Another thing that worried me was feeding. When I was on holiday, I wasn’t too concerned about getting up at 4am in the morning to feed Ananda. Also, Ananda was used to getting food every two hours. She would amble up to me and chirrrup and trill in the way Maine Coons do. It’s sometimes an oooh-oooh-ooh sound (delivered in an up-and-down register) and sometimes it’s like a rrr-rrr-rrr. Hard to describe unless you’ve heard it.
But what was I going to do when I went back to work?
Cue Hubby. If Hubby was working from home he was instructed to make sure that Ananda got enough food.
And strangely enough, Maya seemed to sense something had changed in the dynamics between her and Ananda because she left Ananda alone most of the time.
The interesting event of the second and third weeks was the gradual introduction of the other two adult cats to the kittens. Some breeders don’t allow kittens to mix with adult cats for health reasons, but I found it physically impossible to separate them unless I kept the bedroom door shut all the time. And during the heatwave with the door shut the room was like an oven.

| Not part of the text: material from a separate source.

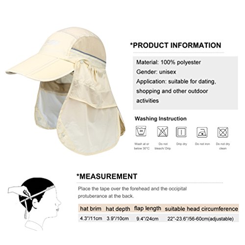 -. Feature : High Quality- 100% polyester with lightweight and splash-proof performance, ultra skin-friendly, breathable, moisture-wicking and comfortable to wear. / Considerate Visor- Designed with widened sweatband, not only absorbs plenty of sweat to prevent your forehead from sweating, but also isolates UV rays to protect your eyes against dazzling sunlight. / Perfect Detail- Comes with adjustable buckle and reflective stripe on both sides, allows you to freely adjust the tightness according to your own need, also keeps you safe with the good visibility even in dark night. / Great Performance- Featured by multi-functional storage bag and foldable design, able to serve as a neck flap to offer all-round sun protection for your neck and face, also capable to fold into the storage bag for easy carry. / Widely Used- Simple but trendy appearance, can be used as peaked cap and face flap hat, also ideal for various casual occasions like dating, shopping, traveling, mountain climbing, party or other outdoor activities.

I figured that it was better for the adult cats to get used to the cats in a natural way. If they met the kittens, I would be there to supervise, but I didn’t want them to stop them from seeing the kittens which could lead to awkward tension when then kittens started running all over the house.
Maya’s curiosity meant that she’d been in to investigate the source of the squeaking. Ananda had hissed at her and Maya walked out of the room, pretending she didn’t care, but her tail was twitching, a sign of agitation. So I was careful to make sure she was never left alone with the kittens.
Teddy, my ginger neuter boy who’s less than a year old also paid a visit. His eyes bulged as he looked at the kittens, little analogues of himself. He sniffed one of them, a little cream kitten and even though his paw was the size of its head, it turned right round and hissed at him! Is that courage or what? I mean, it would have been a little mouthful for Teddy if he’d fancied a snack!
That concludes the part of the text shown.